Identification of astrocytes after mechanical isolation and the effect of glutamate on an individual astroglial cell. A, Epifluorescence image of an isolated astrocyte. B, Representative currents recorded from the astrocyte shown in A in response to hyperpolarizing and depolarizing steps from −120 to +40 mV (step interval, 20 mV), from the holding potential of −80 mV. C, Current–voltage relationship from isolated cortical astrocytes. Amplitudes of currents were normalized to the value measured at 0 mV (I_norm); points are mean ± SD for 20 cells. D, Voltage dependence of the current evoked by glutamate in an isolated astrocyte.
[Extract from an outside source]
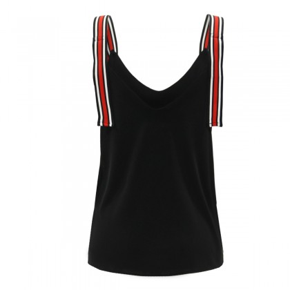 Дамски потник Imperial е стилно и удобно решение за ежедневието и свободното време. Моделът е произведен от мека материя в класически черен цвят. Дизайнът включва V-образно деколте и гръб, като акцентът е поставен върху цветните презрамки. Комбинира се отлично със спортно-елегантни и елегантни дрехи и обувки.
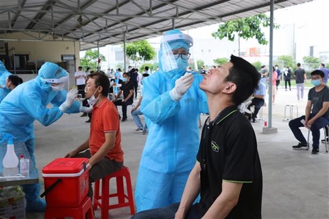 | Prélever l'échantillon pour le test de dépistage du COVID-19 à Hai Phong (Nord). |

The left panel shows currents induced by rapid application of glutamate (10 μm, 2 s) recorded at the different holding potentials as indicated. The right panel shows an I–V curve constructed from 11 independent experiments. The amplitudes of currents were normalized to the value measured at −40 mV (I_norm).

Figure 2.

Selective AMPA and NMDA antagonists differentially suppress glutamate-induced current in single astrocytes. A, NBQX inhibits the fast component of glutamate-induced current. Representative traces illustrate the current before, during, and after application of 30 μm NBQX (left) and the NBQX-sensitive current obtained by subtraction (middle). The right panel shows the concentration dependence of the block of the fast component for four cells (IC₅₀, 2.2 ± 0.4 μm; Hill coefficient, 1.9). B, d-AP-5 inhibits the slow component of glutamate-induced current. Representative traces demonstrating the effect of 1 μm d-AP-5 (left) and the d-AP-5-sensitive component obtained by subtraction (middle) are shown. The right panel shows the concentration dependence of the block for five cells (IC₅₀, 0.64 ± 0.1 μm; Hill coefficient, 1.6). Error bars represent SD. C, NBQX (30 μm) and d-AP-5 (10 μm) applied together inhibit both the fast and slow current components. The residual current is sensitive to glutamate transporter blocker dl-TBOA (100 μm). The inset shows the trace of dl-TBOA-sensitive component of residual current obtained by digital subtraction.

Figure 3.

Concentration dependences of glutamate receptor-mediated and glutamate transporter-mediated currents in cortical astrocytes. Aa–Ac, Protocol of pharmacological isolation of NMDA receptor-mediated current. Responses to 2-s-long application of different concentrations of glutamate were recorded in the presence of 30 μm NBQX (Aa) and in the presence of NBQX and 30 μm d-AP-5 (Ab). Ac, The net NMDA receptor-mediated current component obtained by subtracting the residual current (recorded under NBQX and d-AP-5) from current recorded under NBQX. Ad, Glutamate concentration dependence for d-AP-5-sensitive current (EC₅₀, 1.9 ± 0.5 μm; Hill coefficient, 1.5) averaged for nine cells. Ba–Bc, Isolation of AMPA receptor-mediated current in response to glutamate using protocol similar to that described for A. Bd, Concentration dependence for peak and steady-state components of residual glutamate transporter-mediated current averaged for 17 cells; glutamate EC₅₀ values were 39.8 ± 13.8 and 3.9 ± 1.6 μm for peak and steady-state currents, respectively. Be, Concentration dependence for AMPA receptor-mediated component of glutamate-evoked current (EC₅₀, 52 ± 14 μm; Hill coefficient, 1.4) obtained from eight cells. All recordings were made at a holding potential of −80 mV. Error bars represent SD.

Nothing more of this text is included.